▶ _Directions for this task_
What you return should be only the lines in the entries below between the one holding "Cumhuriyet gazetesinin aktardığı" and the one holding "夕方頃の20円パチスロでは、", ends included, with every picture left out.

Records for processing Block Start

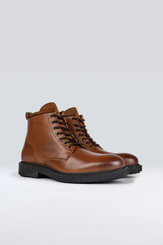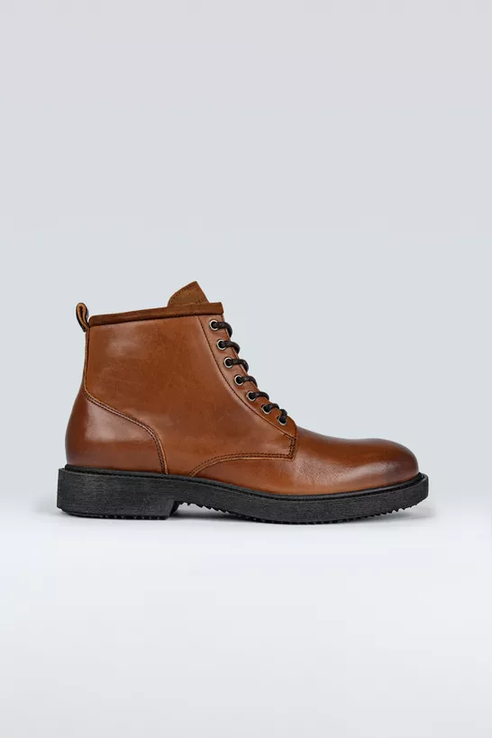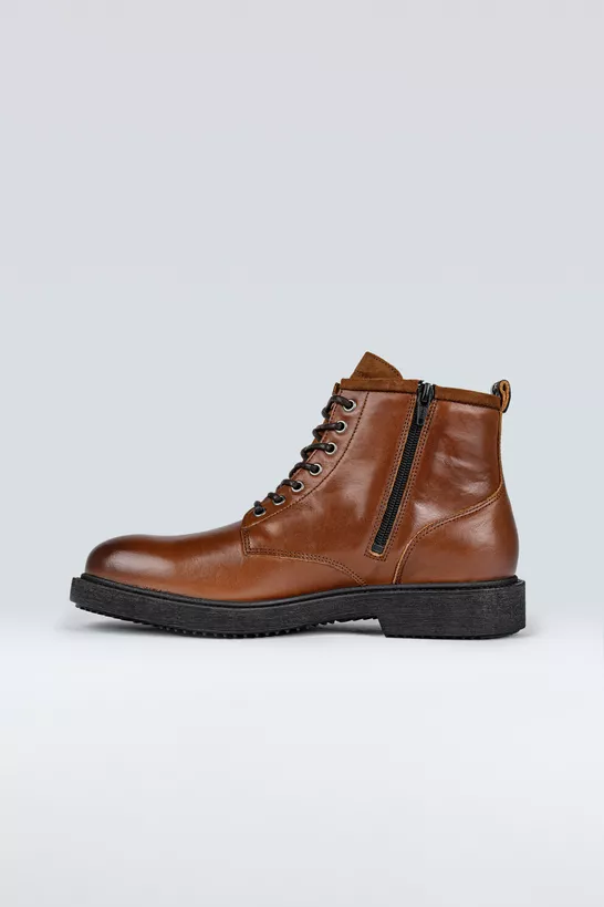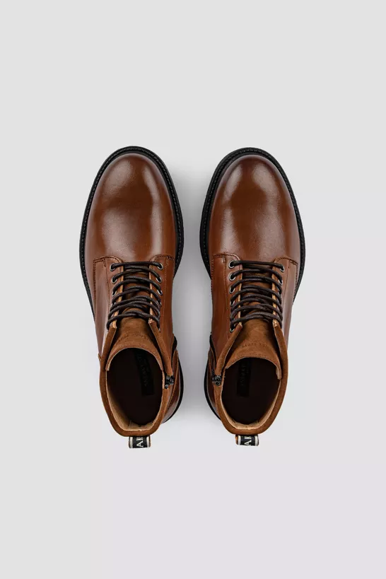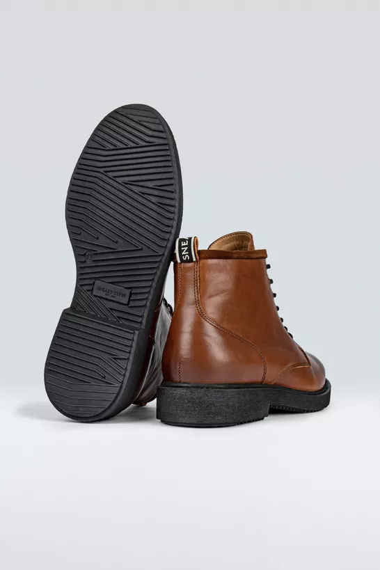 Monikäyttöiset, laadukkaat Sneaky Steve nahkamaiharit konjakin sävyssä. Sivuvetoketju. Kestävä kumipohja.
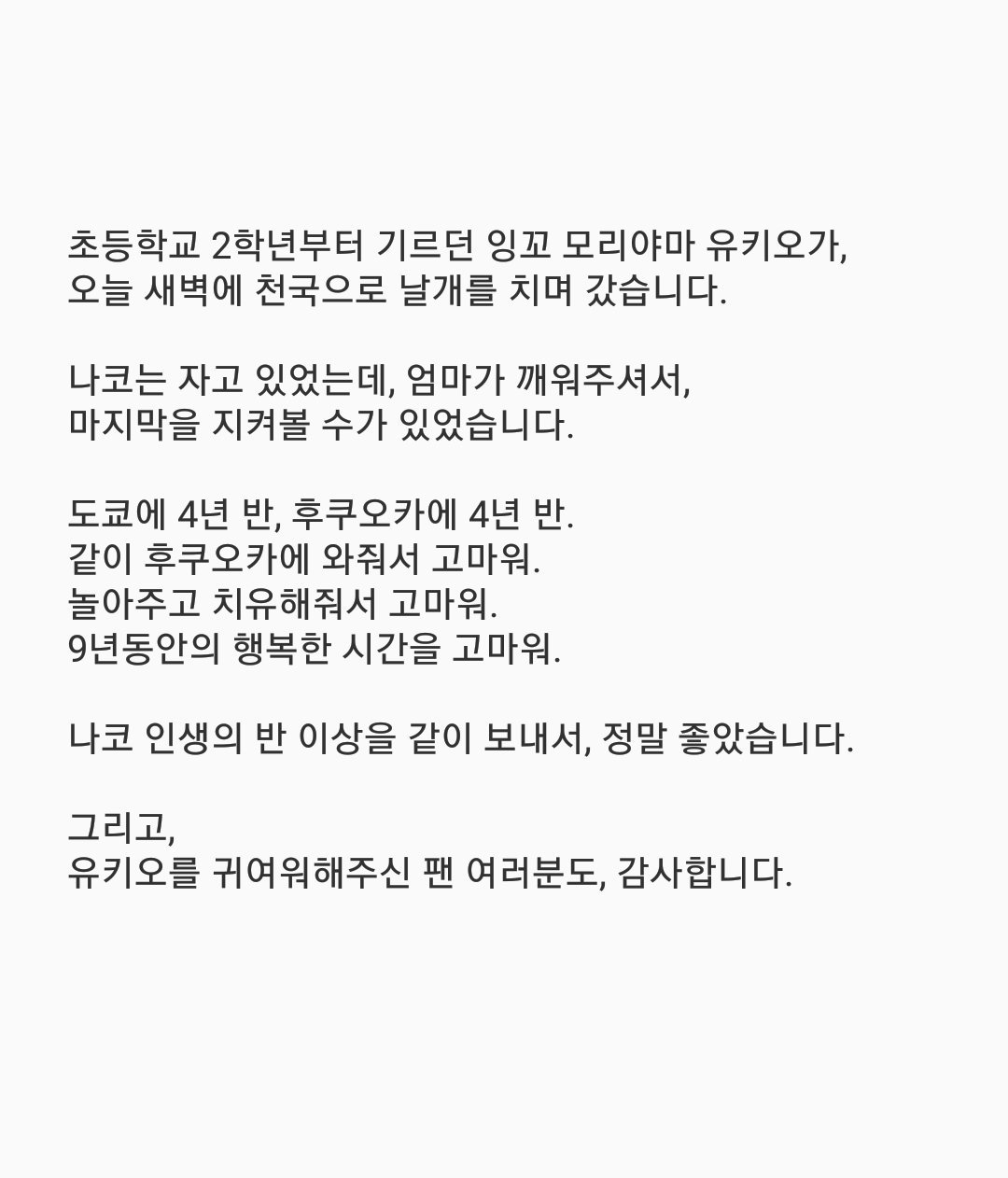 절대로 나을 거라고 믿고 내일부터의 일이나 악수회도 웃는 얼굴로 열심히 하겠습니다! 유키오 힘내!
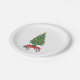 Weihnachten auf einer Rolle... Niedliches Weihnachtskunstdesign. Roter Wagen mit einem Weihnachtsbaum für eine Fahrt. Ein ansprechendes Design, ideal für Weihnachtsgeschenke und Partys. Ideal für Weihnachtsdekorationen, Kleidung und Geschenke.
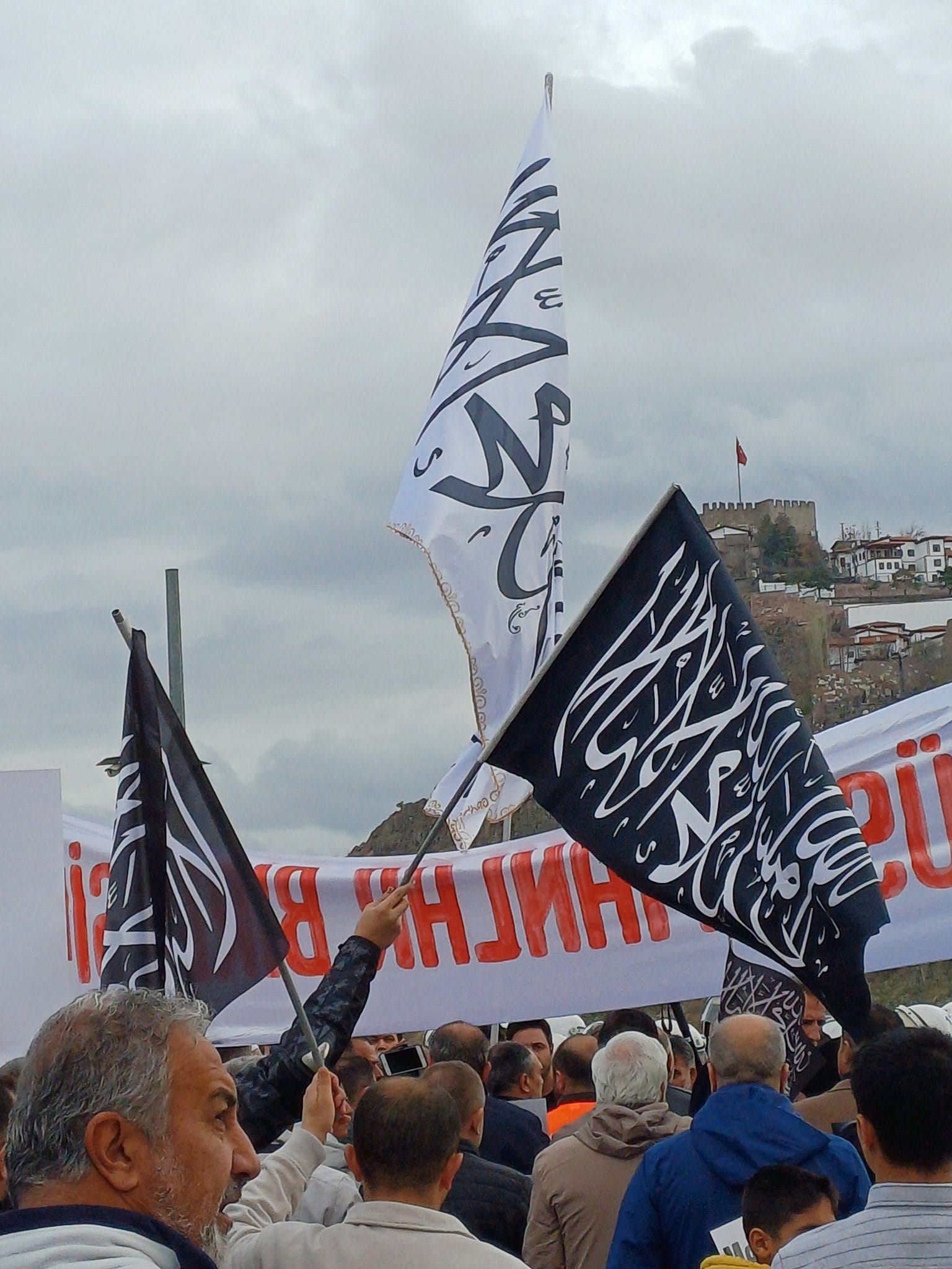 Cumhuriyet gazetesinin aktardığı bilgilere göre, Ankara Emniyet güçleri, ilk etapta grubun bu bayraklarla yürümesine izin vermedi. Bunun üzerine grup ile görevli polisler arasında tartışma çıktı. Müzakereler sırasında grup sözcüsü, tevhid bayraklarını savunarak, “Bu her Müslüman için bir şereftir” dedi.
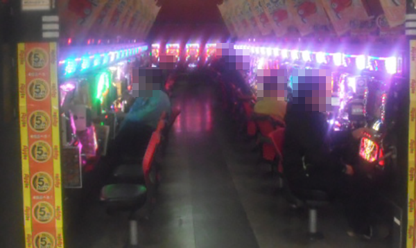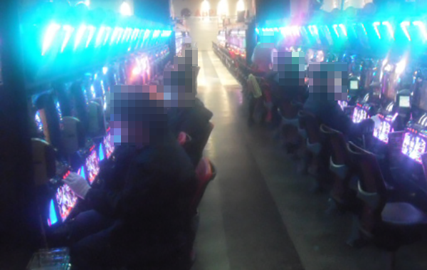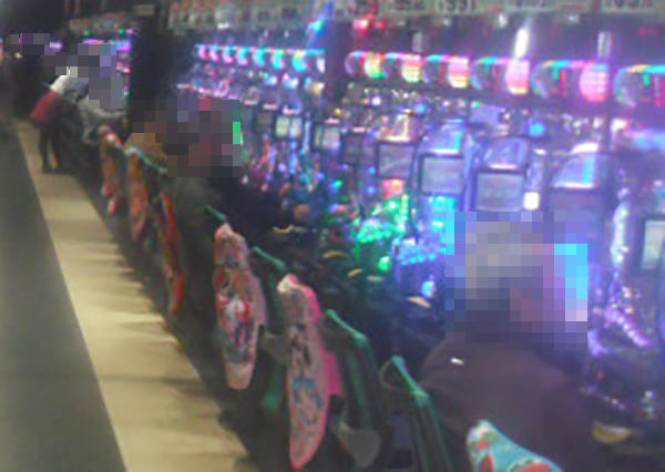 夕方頃の20円パチスロでは、「バジリスク~甲賀忍法帖~絆」や「バジリスク~甲賀忍法帖~Ⅱ」などが人気。笑顔で遊技をおこなっているプレイヤーがおり、充実した時間を過ごせていることもうかがえた。
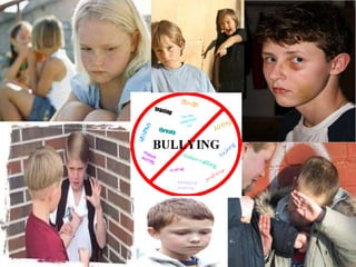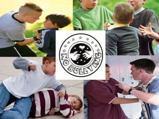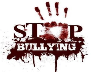 Bullying in schools takes many forms including verbal, physical, social, and cyber bullying. Bullying often involves an imbalance of power and is aggressive behavior that causes harm. Both bullies and their victims can experience negative effects on their mental health, academic performance, and social relationships. Bullies may engage in harmful behavior to fulfill a need for power or dominance, and some are rewarded for bullying. Dealing with a bully can include ignoring them, seeking help from authorities, remaining civil, and finding alternative sources of enjoyment away from the bully.
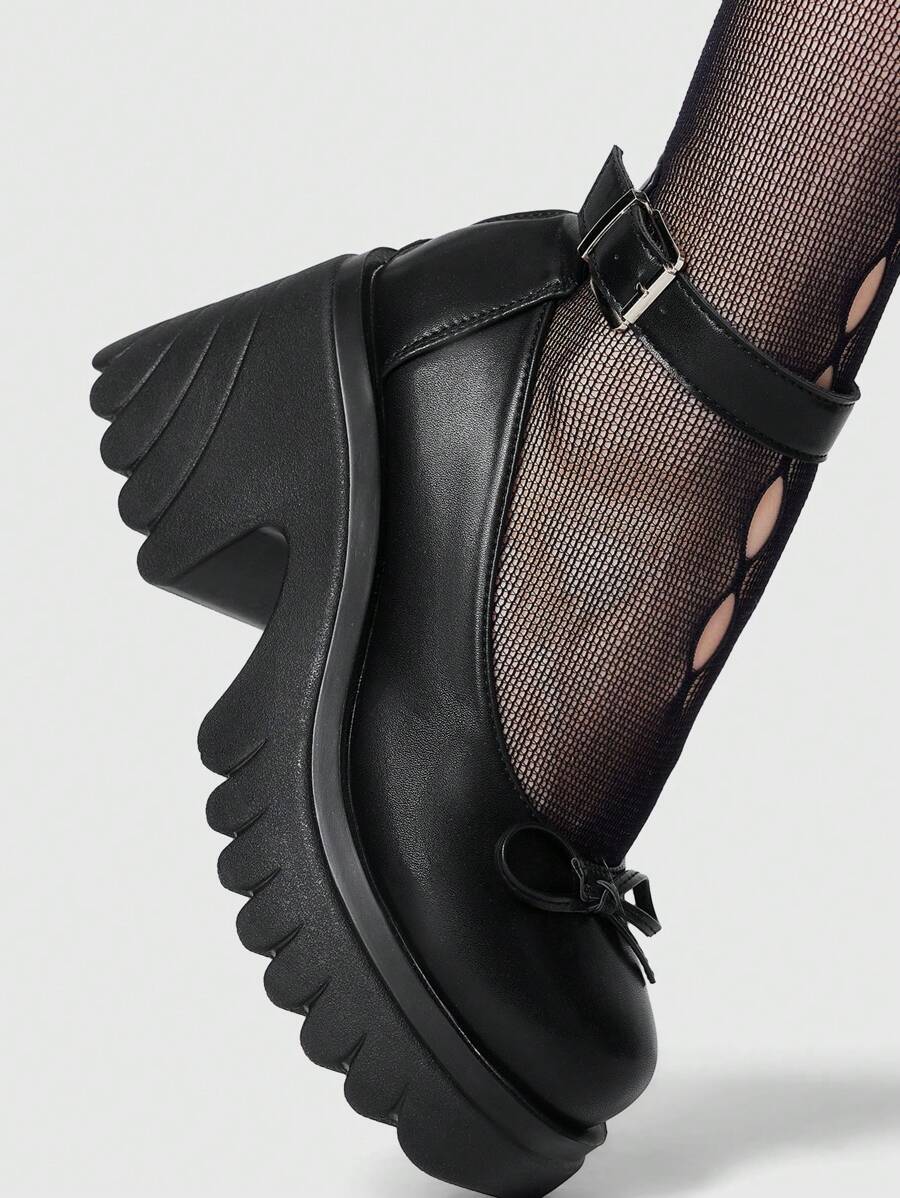 Women's Mary Jane Shoes, Black Leather Collegiate Style, Strap , Wedge Heel, Platform, Gothic, Bow Decor, Chunky Heel, Loafers, Work/Formal
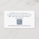 Nuestra elegante tarjeta de información boda azul y blanco muestra un diseño delicado, perfecto para su día especial. Con un moderno tema azul, esta tarjeta incluye un código QR que enlaza con el sitio web de su boda. Personaliza esta carta romántica con los detalles de tu sitio web en sofisticados guiones azul marino, adornados con floraciones decorativas y un solo corazón. El anverso de la tarjeta refleja las letras azules de la moda, mostrando los nombres de la pareja comprometida con dos floridos decorativos, cada uno con un solo corazón. Este lado también resalta su futura fecha de boda. Hay varias configuraciones de texto disponibles en este diseño de conjunto de invitaciones. Para preguntas o solicitudes de personalizados, utilice el botón "MENSAJE" situado en la parte inferior de este listado o póngase en contacto con invitationsuites@gmail.com.
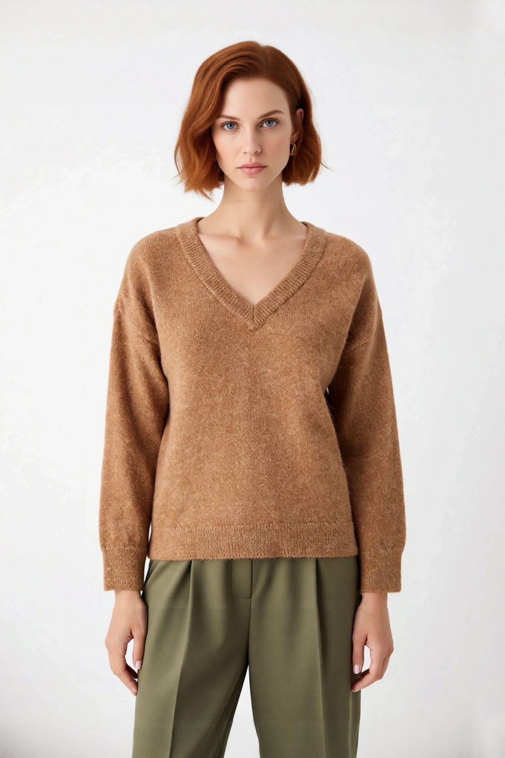 Ürün Özellikleri: Oversize kalıp, triko kumaş, düz desen, V yaka, düşük kol, orta kalınlık, bej renk.
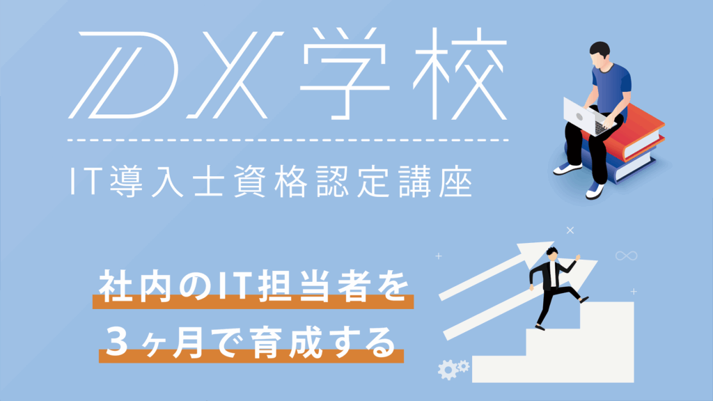 DX学校はITにあまり詳しくない中小企業に寄り添い、DXを進めるためのスキルや知識を身につけていただくことを目的として、DXやIT推進に必要な人材を育成します。

Records for processing Block End

▶ _Result of the exercise_
 Cumhuriyet gazetesinin aktardığı bilgilere göre, Ankara Emniyet güçleri, ilk etapta grubun bu bayraklarla yürümesine izin vermedi. Bunun üzerine grup ile görevli polisler arasında tartışma çıktı. Müzakereler sırasında grup sözcüsü, tevhid bayraklarını savunarak, “Bu her Müslüman için bir şereftir” dedi.
 夕方頃の20円パチスロでは、「バジリスク~甲賀忍法帖~絆」や「バジリスク~甲賀忍法帖~Ⅱ」などが人気。笑顔で遊技をおこなっているプレイヤーがおり、充実した時間を過ごせていることもうかがえた。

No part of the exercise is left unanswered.